Every picture stays out; everything else in the listing below is to be returned exactly.

===== Input data

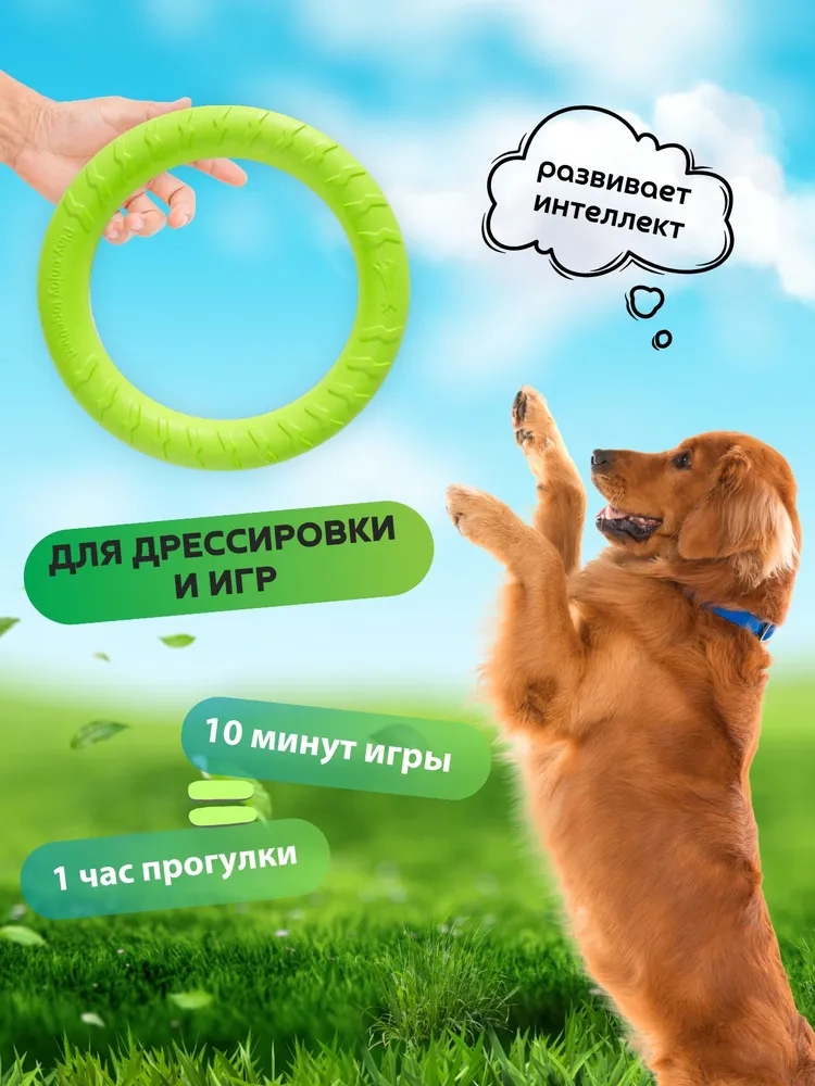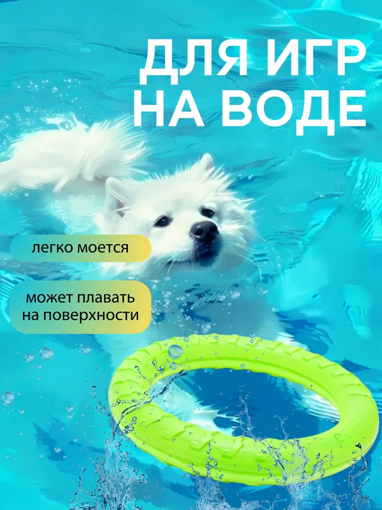 Игрушка для собак кольцо пуллер. Для средних и крупных пород.Кольцо-пуллер для собак – идеальная игрушка для активных игр и дрессировки.- Легкое;- Прочное;- Эластичное;- Экологичное. Безопасный материал EVA.Ищете универсальную игрушку для своего питомца? Кольцо-пуллер станет лучшим выбором!Игрушка, которая поддерживает здоровье и развивает интеллект вашего питомца.Преимущества кольца-пуллера.✔ Идеально для тренировок: 10 минут игры с кольцом заменяют час прогулки.✔ Поддерживает здоровье: прокусывая зубами кольцо, собака получает огромное удовольствие при этом массирует десны, чистит зубной камень и снимает стресс.✔ Универсальность: не потопляемый, подходит для игр на суше и в воде.✔ Яркий цвет: собака хорошо видит кольцо и в траве и на снегу.✔ Подходит для отработки команд: неси / дай, дай / взять, апортировки, перетягивания.✔ Безопасный материал: изготовлен из прочного EVA-материала, который не имеет запаха, держит форму, мягкий, эластичный и гибкий.✔ Практичный: грязь не въедается в материал, легко моется после использования.✔ Гипоаллергенный: абсолютно безопасен для животного, изготовлен из безопасного материала EVA, специально для собак крупных пород.Развивает интеллект вашей собаки.Лёгкий и удобный в использовании.Почему стоит выбрать кольцо-пуллер?Развивает ловкость и физическую форму питомца.Пробуждает охотничий инстинкт и удерживает интерес к игре.Помогает поддерживать здоровье зубов и десен.Рекомендации:Используйте пуллер для активных игр, апортировки, перетягивания или бросков.Подходит для ежедневных тренировок и игр на природе или в домашних условиях.Принимайте водные процедуры.Если ваш питомец боится воды и не очень любит плавать, но с удовольствием бегает и приносит палку, используйте пуллер-кольцо для снятия страхов и выроботки полезной привычки плавать у вашего друга.Игрушек много не бывает
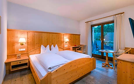 This double room with wooden floors and furnishings comes with an LCD TV with satellite channels and free toiletries. It features a bathroom, seating area and view of the mountains.
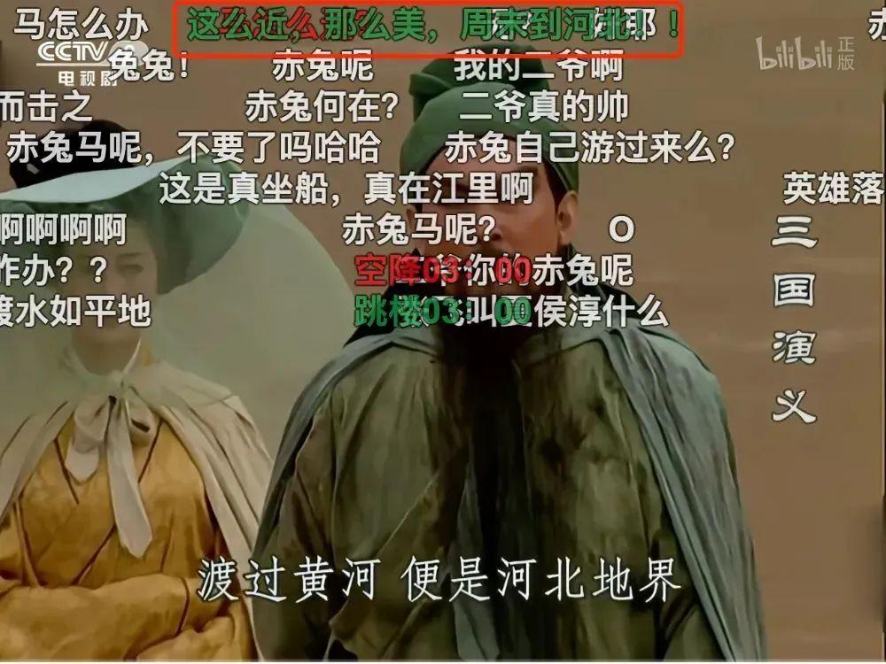 在b站播放《三國演義》,關羽千里走單騎,渡黃河到北面尋找劉備時,彈幕沸騰了。

==========

Answer space |
 Игрушка для собак кольцо пуллер. Для средних и крупных пород.Кольцо-пуллер для собак – идеальная игрушка для активных игр и дрессировки.- Легкое;- Прочное;- Эластичное;- Экологичное. Безопасный материал EVA.Ищете универсальную игрушку для своего питомца? Кольцо-пуллер станет лучшим выбором!Игрушка, которая поддерживает здоровье и развивает интеллект вашего питомца.Преимущества кольца-пуллера.✔ Идеально для тренировок: 10 минут игры с кольцом заменяют час прогулки.✔ Поддерживает здоровье: прокусывая зубами кольцо, собака получает огромное удовольствие при этом массирует десны, чистит зубной камень и снимает стресс.✔ Универсальность: не потопляемый, подходит для игр на суше и в воде.✔ Яркий цвет: собака хорошо видит кольцо и в траве и на снегу.✔ Подходит для отработки команд: неси / дай, дай / взять, апортировки, перетягивания.✔ Безопасный материал: изготовлен из прочного EVA-материала, который не имеет запаха, держит форму, мягкий, эластичный и гибкий.✔ Практичный: грязь не въедается в материал, легко моется после использования.✔ Гипоаллергенный: абсолютно безопасен для животного, изготовлен из безопасного материала EVA, специально для собак крупных пород.Развивает интеллект вашей собаки.Лёгкий и удобный в использовании.Почему стоит выбрать кольцо-пуллер?Развивает ловкость и физическую форму питомца.Пробуждает охотничий инстинкт и удерживает интерес к игре.Помогает поддерживать здоровье зубов и десен.Рекомендации:Используйте пуллер для активных игр, апортировки, перетягивания или бросков.Подходит для ежедневных тренировок и игр на природе или в домашних условиях.Принимайте водные процедуры.Если ваш питомец боится воды и не очень любит плавать, но с удовольствием бегает и приносит палку, используйте пуллер-кольцо для снятия страхов и выроботки полезной привычки плавать у вашего друга.Игрушек много не бывает
 This double room with wooden floors and furnishings comes with an LCD TV with satellite channels and free toiletries. It features a bathroom, seating area and view of the mountains.
 在b站播放《三國演義》,關羽千里走單騎,渡黃河到北面尋找劉備時,彈幕沸騰了。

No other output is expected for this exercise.